Facebook page on the event: "We are sorry to inform you that Joy Harjo has decided to postpone her visit due to the security situation. The event will be rescheduled soon." Clearly she was aware of something.
http://www.facebook.com/events...
You're quite right, it is a
Permalink RichardL replied on
You're quite right, it is a total sell-out. But what is particularly nauseating is her pretence on today's blog (stating that she is going to perform) that she supports the Palestinian cause. That is a deliberate deception and merely a smoke screen, since as she says at the start "The Jewish people consider these lands their homelands" but she cunningly says nothing about Palestinian rights to their own land.
Less and less believable
Permalink Philippa replied on
It's not plausible that she would not have read up a little on a country where she was planning on being a writer in residence.

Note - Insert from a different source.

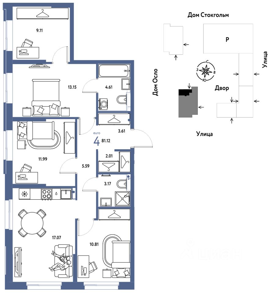 81 м² · Этаж 17 из 24

So whether she knew about the boycott or not is irrelevant. She must haver known about the Nakba and the oppression. That should have been enough to keep her away
Compensating her losses if she cancels.
Permalink Elna replied on
For those who say that it would be too expensive for her to cancel at this point: we could create a fund to compensate her losses, and I would personally be happy to contribute the most that I can to that fund. Individuals/groups who can reach her personally: please pass this message across. Thank you.
Compensate costs why?
Permalink eGuard replied on
Elna, before we start an action to pay for her ticket back home, I prefer reading her explanations & clarifications. As the journalist says (not the poet): what did you know, and when did you know it?
Living in a cave?
Permalink Tom replied on
Why worry about someone who lives in an intellectual cave performing in Tel Aviv? That is certainly where you'd have to be spending your time to be "unaware until midnight last night" that Palestinian civil society has implored humanity to engage in BDS. She'll perform and return to her cave. Then the nice (Zionist) TV producers will book her. The self promotion dividends of crossing this picket line extend far beyond the price of airfare, or the check Tel Aviv U is going to leave on the nightstand.
Harjo or Gahan
Permalink kelly replied on
Time to call Dave Gahan of Depeche Mode who wil open "again" in Tel Aviv in March...he's well beyond your cave.
I would just like to say that
Permalink ajamu chaminuka replied on
I would just like to say that people sell out for money and power quite often. Wether it's a Joy Harjo or a Barack Obama, there are many like them. Let's not trip, let's just continue the hard struggle of human liberation and let the enemy suffer the consequences.